May your table always have food on it.
Happy New Year!
Love,
Robin

Christmas is getting closer.....

I still have *lots* to do...I'll be the crazy lady running around on Friday trying to finish up.
Can't wait for the CALM...that's when I am done shopping and everything is wrapped and ready...are you ready?

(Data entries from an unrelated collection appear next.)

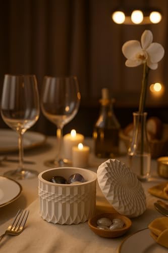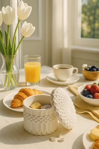 TASARIM: Siyah beyaz gövde, kristal kapak; modern ve lüks detaylarla şıklık katar. SET İÇERİĞİ: 2 adet kapaklı kutu – Çap 9 cm | Yükseklik 8,5 cm. MALZEME: Dayanıklı kompozit + kristal kapak; uzun ömürlü ve estetik. KULLANIM ALANI: Salon, banyo, makyaj masası, mutfak veya ofis; dekoratif obje ve düzenleyici olarak. EL İŞÇİLİĞİ: Detaylı işçilik; her parçada küçük doku ve desen farklılıkları bulunabilir. Kristal Kapaklı Dekoratif Kutu – Modern & Zarif Tasarım
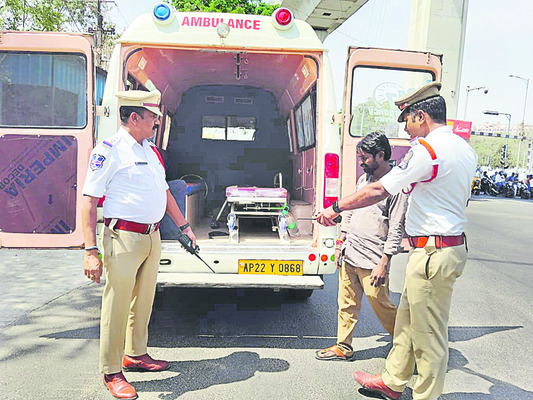 మంగళవారం తార్నాకలో అంబులెన్స్ను తనిఖీ చేస్తున్న ట్రాఫిక్ పోలీసులు
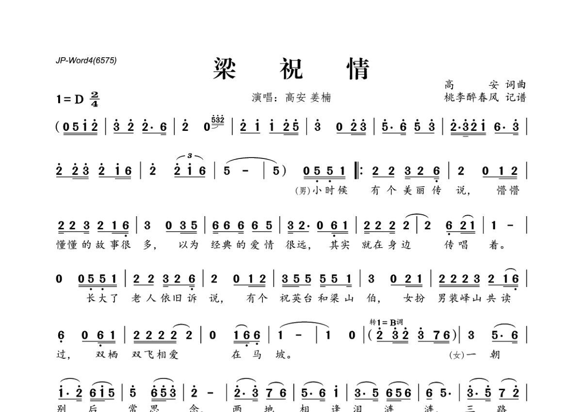 《梁祝情》是高安&姜楠演唱的一首歌曲,拍号为2/4拍,这份简谱共有一张高清图谱,图谱由 @桃李醉春风 编配上传。
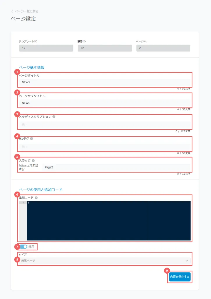 ページタイプに応じてナビゲーションや設定が自動で適用される場合があります。
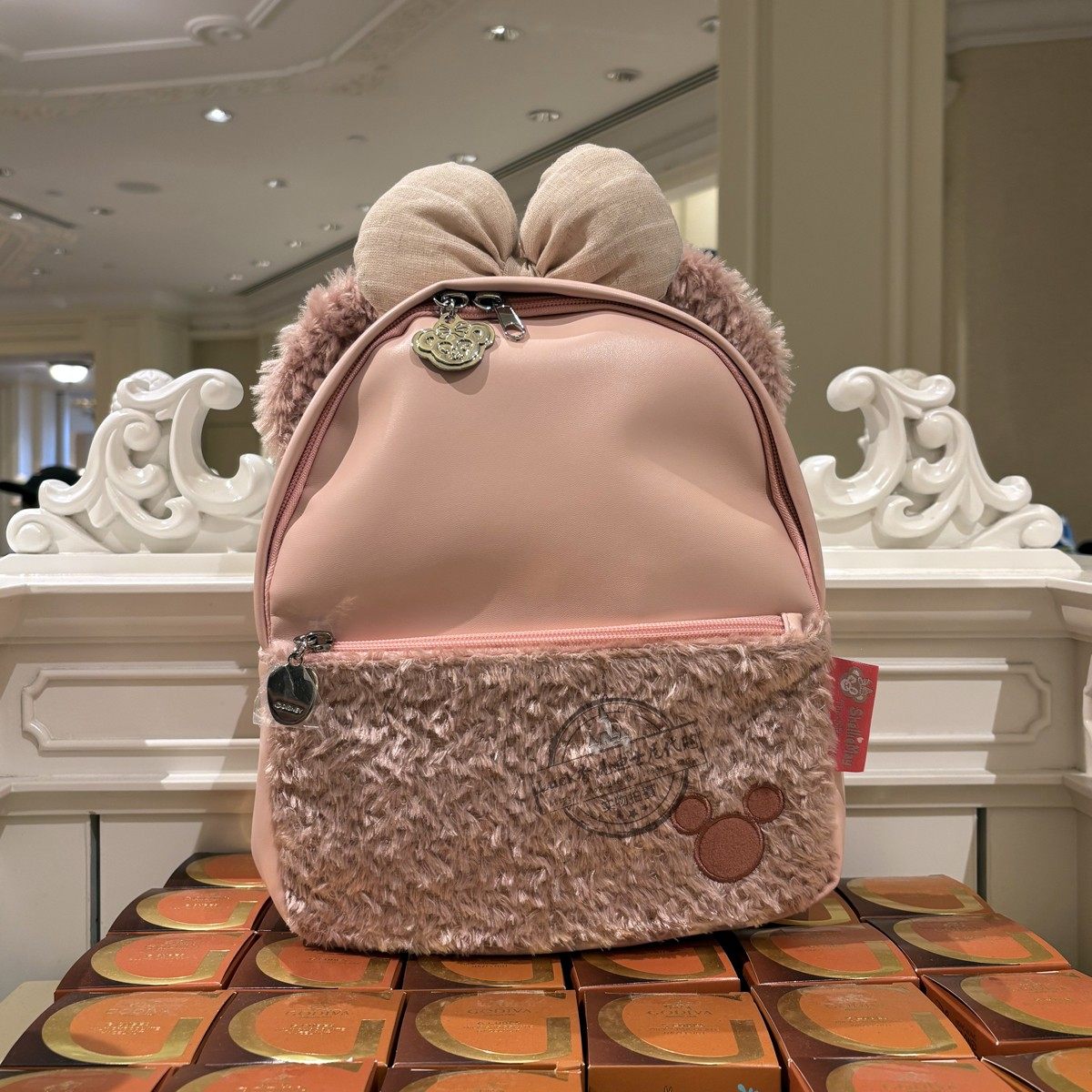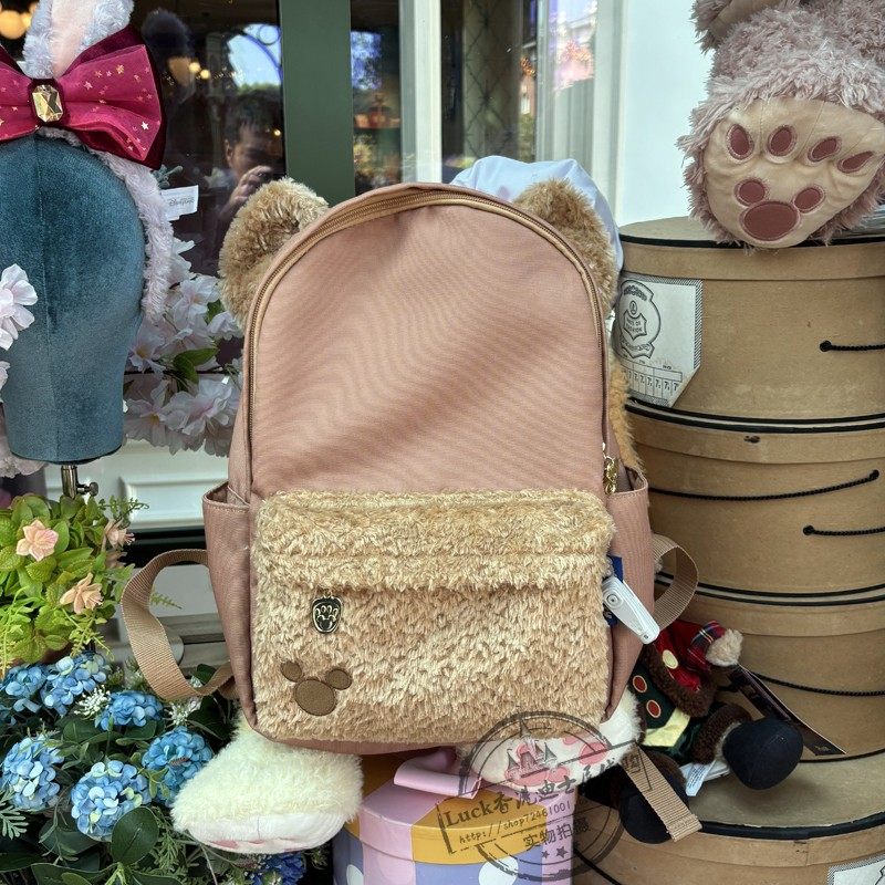 香港迪士尼乐园玫玫PU饼饼贝儿达菲托尼书包卡通可爱毛绒双肩背包

Also, I made pumpkin soup last night and WOW I have a new favorite. I have lots of canned pumpkin in my food storage and I was looking for ways to use it creatively....instead of for pie or cake.  I found this super great pumpkin soup recipe on Simply Recipes and it was so delicious....I know I'll be making it more often.  It's a nice creamy soup with just enough spice to make it NOT bland. Don't let the ingredients fool you....it warms the tongue and the belly just right. It was too good not to share:

Spicy Pumpkin Soup Recipe

Ingredients

  • 4 Tbsp unsalted butter
  • 2 medium yellow onions, chopped
  • 2 teaspoons minced garlic
  • 1/8 to 1/4 teaspoon crushed red pepper
  • 2 teaspoons curry powder
  • 1/2 teaspoon ground coriander
  • Pinch ground cayenne pepper (optional) ***(I left this out because I didn't have any)
  • 3 (15 oz) cans 100 percent pumpkin or 6 cups of chopped roasted pumpkin*
  • 5 cups of chicken broth (or vegetable broth for vegetarian option)**
  • 2 cups of milk
  • 1/2 cup brown sugar
  • 1/2 cup heavy cream
Method
1 Melt butter in a 4-quart saucepan over medium-high heat. Add onions and garlic and cook, stirring often, until softened, about 4 minutes. Add spices and stir for a minute more.
2 Add pumpkin and 5 cups of broth; blend well. Bring to a boil and reduce heat, simmer for 10 to 15 minutes.
3 ( I skipped this step entirely) Transfer soup, in batches, to a blender or food processor. Cover tightly and blend until smooth. Return soup to saucepan.
4 With the soup on low heat, add brown sugar and mix. Slowly add milk while stirring to incorporate. Add cream. Adjust seasonings to taste. If a little too spicy, add more cream to cool it down. You might want to add a teaspoon of salt.
Serve in individual bowls.

Yield: Serves 8.

My daughter's boyfriend is a vegetarian so I am trying to prepare meatless cuisine for him these next few weeks...this forces me to get creative and think outside the box.  On Christmas we are having a Prime Rib and a Vegetarian Lasagna...and whatever else I can think of.  We still have 2 days left of homeschool before Christmas break....lots left to do.

Blessings to all!
It's been a very difficult year for me and I am praying that Good Things will happen in the New Year.
Thank you so much my Dear Friends for the kind words, I needed more time than I thought to collect my thoughts.  My husband kept asking me if I was going to do a last post about Sadie and I chose not to, the pain is still fresh but now we can smile and laugh when we speak of her..that's not to say there aren't still tears..they are just fewer and far between and she is now in my heart instead of by my side.

Christmas is now upon us and we are having a guest this year for Christmas and through the New Year. In all the years we've been a family, it's only been the four of us each Christmas morning.  My daughter's boyfriend is flying in from California and we are most excited. Good Things are on the way.  Be Blessed.